Mechanism: Age-associated CD38 activity releases extracellular ADP-ribose, which inhibits SIRT2, leading to acetylated, rigid microtubules that amplify inflammation via YAP/NF-kB. Readout: Readout: Blocking CD38 reduces inflammation and improves cellular health, as evidenced by restored SIRT2 activity and reduced SASP secretion.
Hypothesis
Age-associated up-regulation of CD38 not only consumes intracellular NAD+ but also releases NAD+ metabolites into the extracellular space, where they act as competitive inhibitors of SIRT2 deacetylase activity on cytosolic tubulin. Reduced SIRT2-mediated deacetylation stabilizes acetyl-tubulin, making microtubules more rigid and impairing mechanotransduction pathways that normally restrain NF-kB signaling. Consequently, cells experience a feed-forward loop: inflammation drives CD38 expression, CD38-derived NAD+ loss suppresses SIRT2, stiffened cytoskeleton amplifies inflammatory signaling, and further CD38 induction ensues.
Mechanistic Basis
CD38 is a bifunctional enzyme that hydrolyzes NAD+ to ADP-ribose and cyclic ADP-ribose, both of which can be exported via connexin hemichannels or ATP-binding cassette transporters [2]. Extracellular ADP-ribose has been shown to inhibit sirtuins by occupying the NAD+-binding pocket without supporting catalysis [7]. SIRT2 preferentially deacetylates alpha-tubulin at Lys40, a modification that promotes microtubule flexibility and facilitates the turnover of focal adhesions [5]. When SIRT2 activity falls, acetyl-tubulin accumulates, microtubules become hyper-stable, and cells display reduced tensile strain sensing. Mechanical strain normally activates the tumor suppressor LATS1/2 of the Hippo pathway, which phosphorylates and retains YAP in the cytoplasm; loss of strain leads to nuclear YAP, which cooperates with NF-kB to boost transcription of pro-inflammatory cytokines [4]. Thus, CD38-driven NAD+ loss can mechanistically link metabolic decline to a cytoskeletal-mediated amplification of inflammation.
Testable Predictions
- In aged tissues, extracellular ADP-ribose concentrations will correlate positively with CD38 expression and inversely with SIRT2 activity measured by acetyl-tubulin levels.

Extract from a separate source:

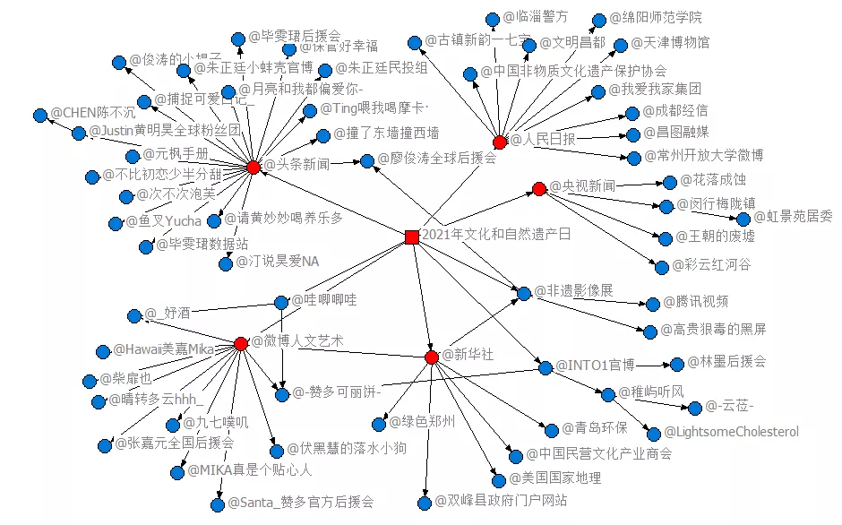 从传播路径看,人民日报、央视新闻、新华社等主流媒体在本次舆情传播中担当主力军,充分发挥媒体影响力,带动各级政务机构、高校组织、传媒行业等官博广泛参与其中。头条新闻、非遗影像展、微博人文艺术等蓝V账号活跃发文宣推,引领信息传播。此外,明星效应助推社交平台非遗话题宣传,进一步扩大信息传播覆盖面及影响力。

- Pharmacological blockade of CD38 ecto-enzymatic activity (using antibodies or small-molecule inhibitors) will lower extracellular ADP-ribose, restore SIRT2-dependent tubulin deacetylation, and reduce SASP secretion from fibroblasts independent of changes in immune-cell infiltration.

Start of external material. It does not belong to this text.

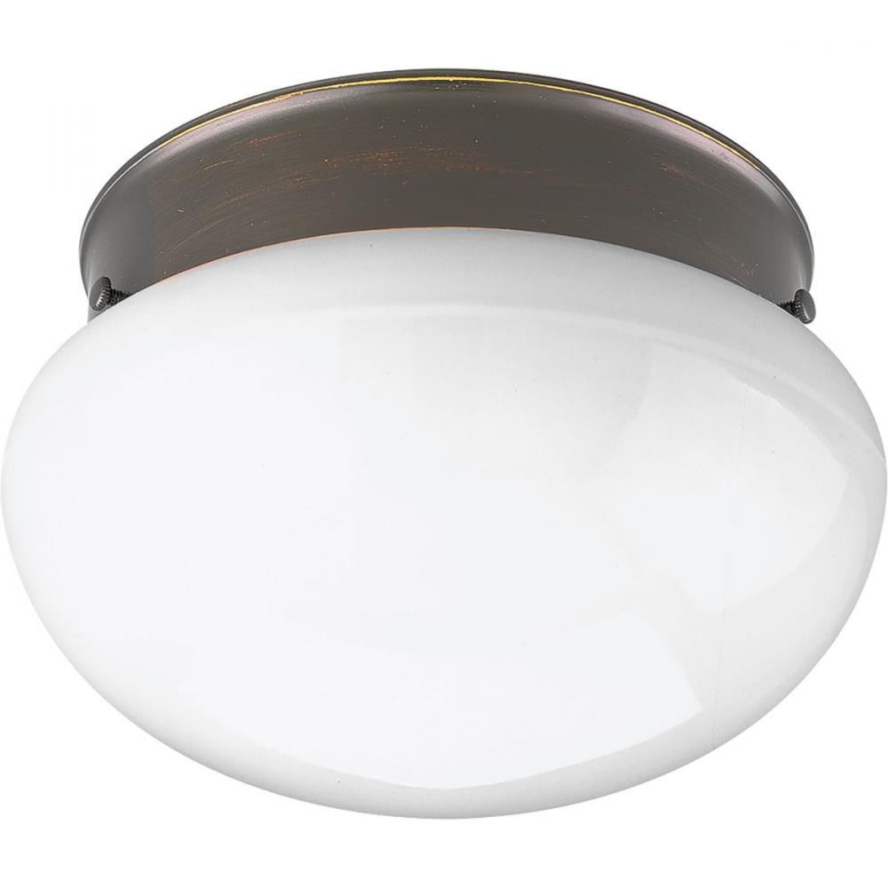 A traditional one-light close-to-ceiling fixture featuring a White glass bowl and an Antique Bronze finish. The fixture is ideal in a bathroom setting or hall/foyer.

- Genetic overexpression of a NAD+-insensitive SIRT2 mutant (e.g., SIRT2-H187Y) in murine muscle will rescue microtubule dynamicity, diminish YAP nuclear localization, and extend healthspan even when CD38 remains elevated.
Experimental Approach
- Measure extracellular ADP-ribose in plasma and interstitial fluid of young vs. old mice using LC-MS/MS; correlate with tissue CD38 mRNA (qPCR) and SIRT2 activity (immunoblot for acetyl-tubulin).
- Treat aged mice with a CD38-specific inhibitor (e.g., 78c) or control for 8 weeks; assess SASP cytokines (IL-6, TNF-alpha) in serum, microtubule acetylation (immunofluorescence), and YAP localization.
- Generate a muscle-specific SIRT2-H187Y knock-in line; cross with aged wild-type and CD38-overexpressing mice; evaluate grip strength, treadmill endurance, and histology for fibrosis.
- Use traction force microscopy on primary fibroblasts exposed to recombinant ADP-ribose to quantify changes in substrate stiffness sensing and NF-kB reporter activity.
Potential Implications
If validated, this hypothesis reframes NAD+ decline as not merely an energy shortage but as a signaling imbalance that remodels the cytoskeleton to amplify inflammatory programs. It suggests that targeting the extracellular NAD+ metabolome—or bolstering SIRT2-dependent microtubule dynamics—could break the inflammation-CD38 loop and improve tissue function without requiring global NAD+ supplementation, thereby avoiding the risks of masking underlying DNA damage observed in high-dose NR/NMN regimens [6,7]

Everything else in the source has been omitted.